Paul Bodnar, Morton’s predecessor at the National Security Council, who is now a senior fellow at the Rocky Mountain Institute in Colorado, said Trump might find that scrapping the agreement would anger his negotiating partners and deplete his store of political capital early in his presidency.

"Trump likes to talk about how he’s going to ‘renegotiate’ everything internationally, whether it’s NATO or trade deals," Bodnar said. "Negotiation is a two-way street. … If he tries to tear down the structure of Paris, which an awful lot of countries, from China to the Europeans, care a lot about, it stands to reason that he would have much less success renegotiating other things that he wants. I think even he will realize that’s not a fight worth picking."

Stern said former President George W. Bush saw his international clout take a hit when he walked away from the Kyoto Protocol in 2001 after the Clinton administration had taken an active role in brokering it.

"But I think that’s nothing compared to what would happen with respect to Paris," said Stern, adding that the 2015 treaty is much more popular at home and abroad.

"I think if the United States were to suddenly say ‘not interested; we’re going to back away from this,’ it would radiate out in a much broader way diplomatically with respect to the whole panoply of issues that we have to address with partners and allies all over the world," he said.

Frank Maisano of Bracewell LLP said there would be no price exacted for a decision to scrap Paris, because it isn’t binding. "You may be scorned publicly, but that has never really stopped any nation before," he said.

"The problem is, our negotiators (and others) always knew that the symbolic Paris Agreement would never be enough," he said in an email. "While they try to hammer out more details, I expect a lot of other nations will be annoyed by others’ demands."

While most foreign negotiators remain circumspect about what the election might mean for the Paris Agreement and other issues, international climate advocates have not been.

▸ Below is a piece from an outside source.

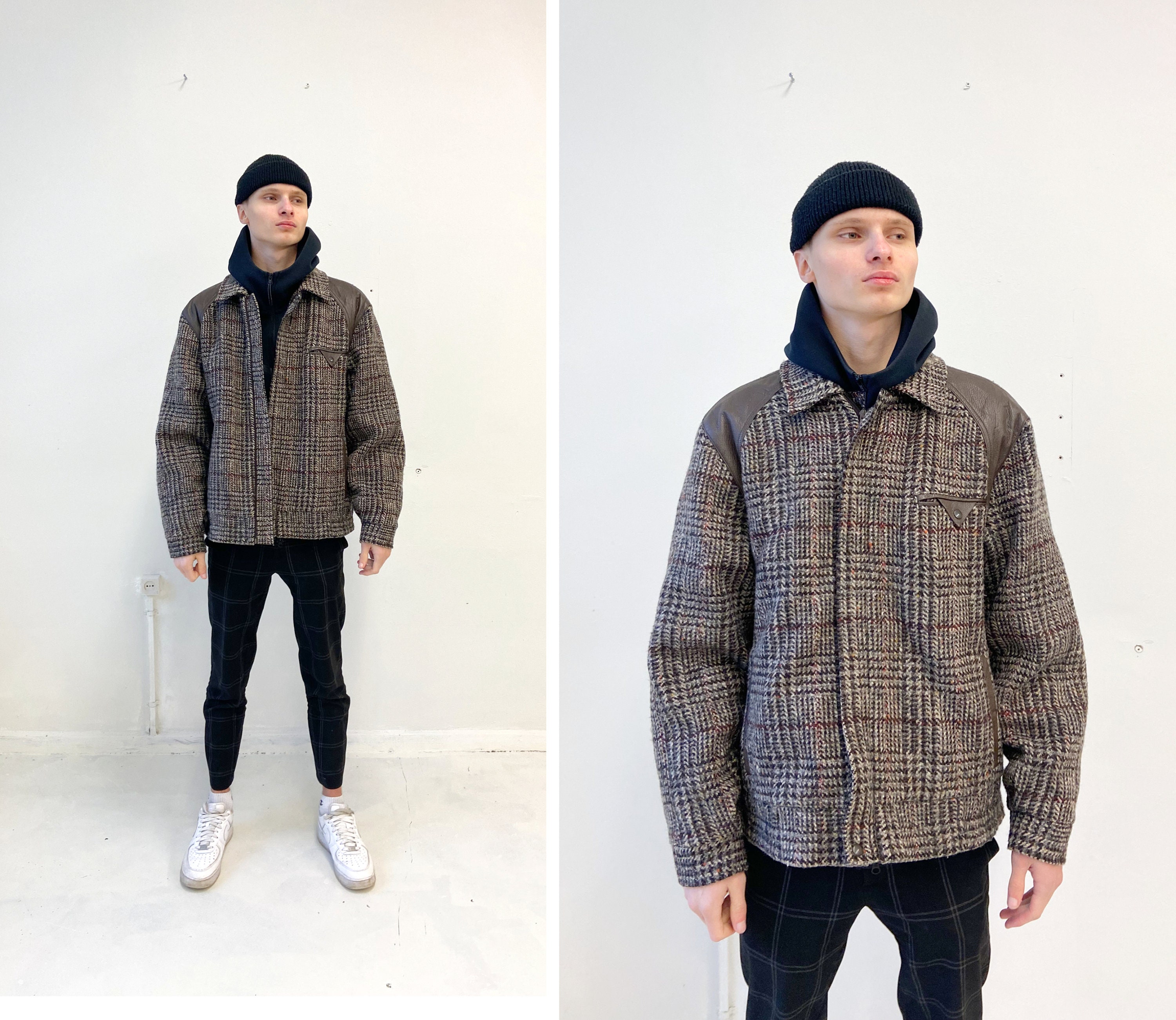 Vintage 90s Plaid Wool Jacket Mens Wool Jacket Wool Brown Etsy

"People around the world are watching the U.S. elections with keen interest, as decisions taken in Washington, D.C., have impacts far beyond U.S. borders," said Harjeet Singh of Action Aid. "It’s clear that the candidates have differing views when it comes to climate change, but whoever is elected must make sure that the U.S. sticks to its obligations under the Paris Agreement and increases ambition to tackle climate change."

Nations are invited to revise and tighten their commitments to Paris by 2020, the final year of the next president’s first term.

Saleemul Huq, a senior fellow at the U.K.-based International Institute for Environment and Development, said poor countries are following the U.S. election with "huge trepidation."

"From what I can tell of Mr. Trump’s views and personality, his attitude to climate change is the least of the problems the world will have to contend with him in the White House!" he said in an email.

Trump has said at various points throughout the campaign that he might use nuclear weapons, he noted.

"So we probably won’t need to wait for climate change to destroy the world as he may do it even sooner!"